A number of researchers have discovered from
experimental investigations that a person’s memory can be increased manifold when items to be remembered are associated
with images or other known information. These associations are also called mnemonics.
Another overlooked fact about memory is that it is
always easier to remember something if it’s part of a song or a verse. There is, in fact, a very good anatomical reason
for this. Versification and melody are generated chiefly in the nondominant or right hemisphere. When words (which originate
in the left hemisphere in most right-handed people) are put together with verse or song, the whole brain and its memory power
are focused for optimal retrieval (Mark & Mark, 1989). This is why we can remember the words of certain songs once the
melody is playing, even if we haven’t heard the song in many years. However if you try to say the words without the
melody in the background, similar memory retrieval is almost impossible. This form of training memory
doesn’t work only on a verbal level but also on a neurophysiological level.
4 + 4 x 4 = 32 x 32 = 1024 (Associative Golf Memory Development):
If you really want to store memory more permanently
you need to associate all the learning processes for optimal memory recall. Short term memory which is stored in the hippocampus
will develop into long term memories stored in the cortex, if this exposure is done with almost 1000 exact repetitions or
more. The memory storage will be enhanced greatly by this, however the memory is even more enhanced if associative learning
through verse or rhyme is included (Crick, 1994). If we use this information and develop an associative learning method for
golf swings it will look something like this.

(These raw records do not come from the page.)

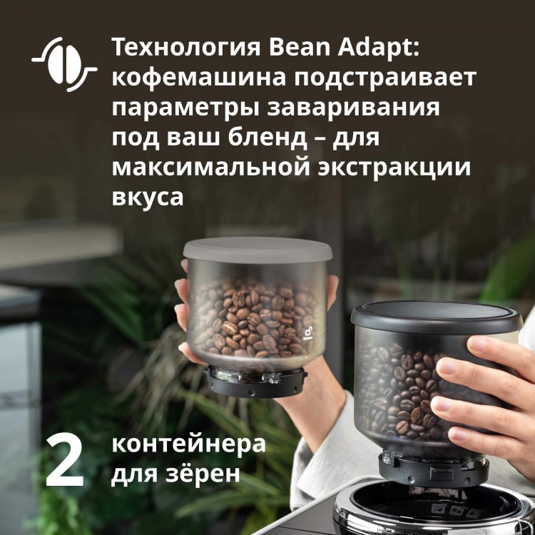Для варки кофе достаточно выбрать напиток, объём порции и крепость. Промывается после каждого включения и выключения автоматически. Можно добавлять свои профили для членов семьи с настройками желаемых напитков, устанавливать время варки кофе для автоматизации и ещё более быстрой варки.
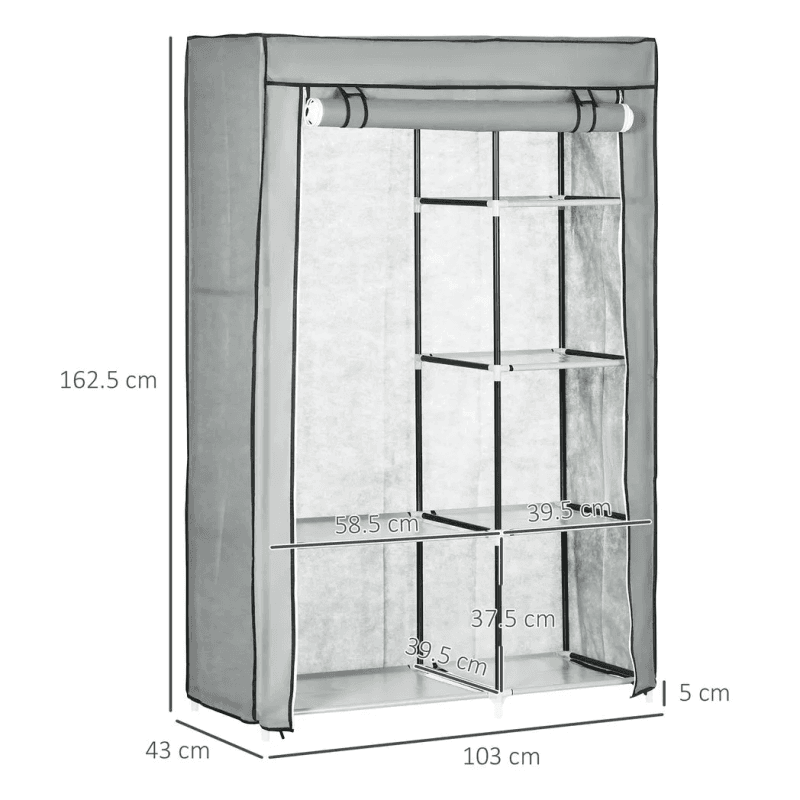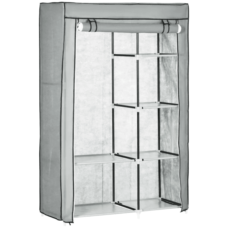Multi-storage: A wardrobe with six shelves and a top hanging rail. This foldable wardrobe offers plenty of storage and hanging space for clothing, bedding, accessories and more.
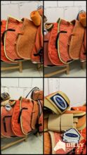 Pakiet letni - 5 pomarańczowych poduszek pod siodło, derka i akcesoria - Sprzedaję kompletny zestaw ochraniaczy na siodło w pięknych różnych odcieniach pomarańczy, których używałam do jazdy ujeżdżeniowej
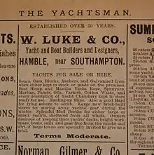 In their early days they built Itchen Ferrys, Fishing Smacks, Pilot boats and other sorts of working boats, like a 75-foot Lifeship to a design by Capt. Hans Busk in 1873. But there were also yachts built as early as the 1870s.[2] In 1895, the yard moved from the river Itchen to the village of Hamble at the river of the same name, near Southampton. The former Itchen Yard then became known as Fields Yard. According to an advertisement in an 1891 edition of The Yachtsman, they had "Yachts for sale or hire, Spars, blocks, Anchors, and Galvanised Ironwork either kept in stock or made on the premises, all sorts of chandlery, mudberths". Soon after, they were based at Back Street (now Rope Walk) with building sheds, slipways and yacht stores. Hamble Point became their winter slips.
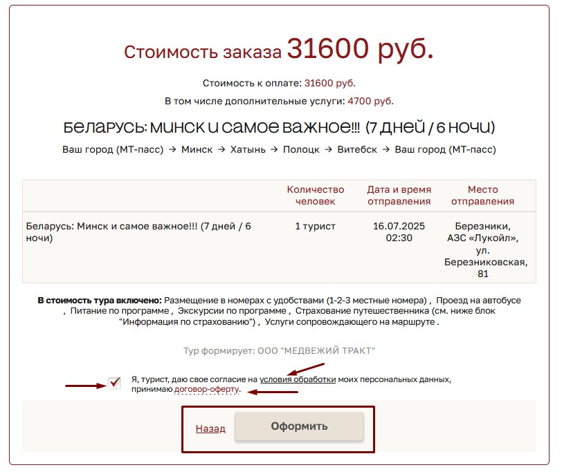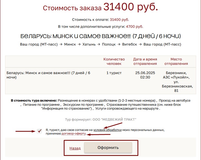 На этапе бронирования тура Вам необходимо ознакомиться с договором-офертой, подтвердить свое согласие на обработку персональных данных, подтвердить факт ознакомления с данными документами.
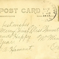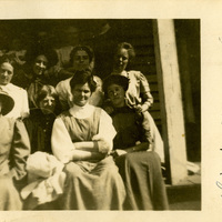 A group of approximately 10 unidentified women pose for a picture on the front porch of a house probably in Northwestern Oregon. The woman in the second row from the front on the far right is Winnette Sears. This photograph is printed on postcard stock and includes a note from M. A. Hamant. It is postmarked December 27, 1911. This photograph is part of the Charles Lovell and Winnette Sears Walker Collection. Winnette was a 1906 alumna of Linfield College. Charles was an alumnus of Tualatin Academy who later became a musician and an insurance agent in Hillsboro, Oregon.
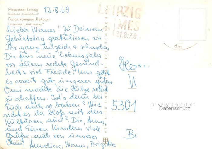 73678903 alte Postkarte LEIPZIG Sachsen Interhotel Deutschland Messestadt postalisch gelaufen Erhaltung siehe scans [FriedD77] KatCode: 11110014365000
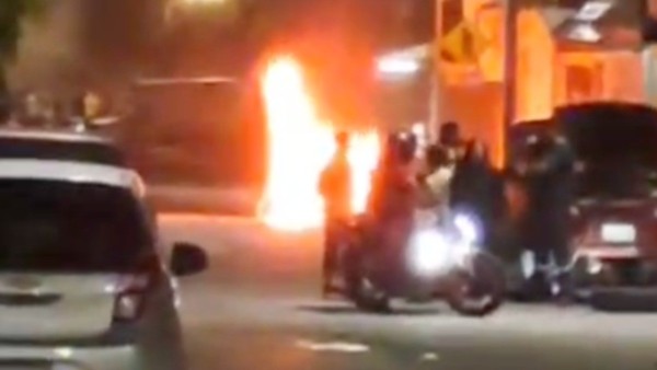 En el video difundido a través de redes sociales se puede observar cómo la motocicleta se está quemando a mitad de la calle, mientras las personas continúan su camino observando los hechos.
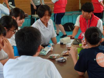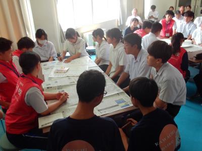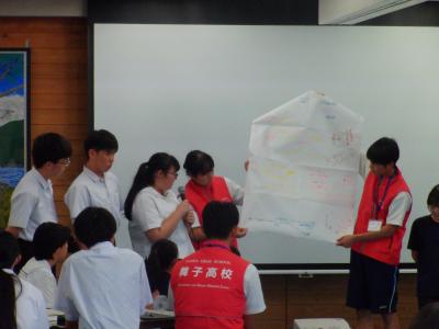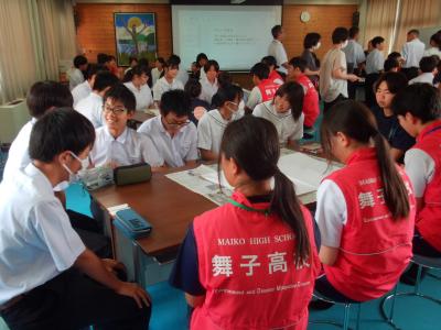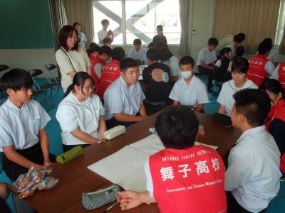 緑丘中、三崎中、舞子高校それぞれの防災教育に関する取組報告の後、6つのグループに分かれてトークタイムを持ちました。「地域の人といかにつながるか」「人とのつながりが防災・減災の第一歩だ」という意見が多く出て、そのために何をすればよいか話し合い共有しました。その後、舞子高校の生徒たちからお土産のクッキーを一人ひとりに頂き、記念撮影で締めくくりました。

Take 32 golf balls; divide them up into 8 groups of 4. Hit four golf balls thinking about all the mechanical aspects
that you want to work on, such as plane, grip, stance, take-away, posture etc. Then, hit the next four singing a song in your
head, it is important to use the same verse, rhyme or song with every repetition. Repeat this until the 32 balls have been
hit. Do this 32 ball drill no more than twice a day. It is known that short term memories are stored in the brain for up to
six months (Crick, 1994) so we do not need to rush this process. Also if done properly it will take about a half an hour per
session (32 ball drill). The brain is kept fresh when learning sessions are kept short and sweet. Repeat this 32 ball drill,
32 times over a good period of time. Doing this will not only enhance the memory, but instead of thinking mechanically about
your swing under pressure, you will actually be able to have memory recall of mechanics by just singing the song while swinging.
This is the best form of anxiety control under pressure and one of the best ways to play golf non-mechanically which has been
proven time and time again not be effective. When we try to manipulate muscle by conscious mechanical thoughts, we will never
be able to swing freely. We repeat this drill 32 times to get above the 1000 mark; this will ensure cortex memory storage
as mentioned previously by Dr. Crick.
Nutrition and the brain
Now that we have taken an extensive look at the brain and some neurological processes in learning we need to make
sure as athletes that we feed it the proper nutrients.
A neurotransmitter is the chemical language sent between cells in the human brain. These neurotransmitters allow
the brain cells to talk to each other. Deficiencies in neurotransmitter function result in depression, lifelessness, moods,
irritability, sleeplessness, anxiety, brain fog, cravings and addictions. Depleted supplies of neurotransmitters make it difficult
for you to feel happy, on track and motivated.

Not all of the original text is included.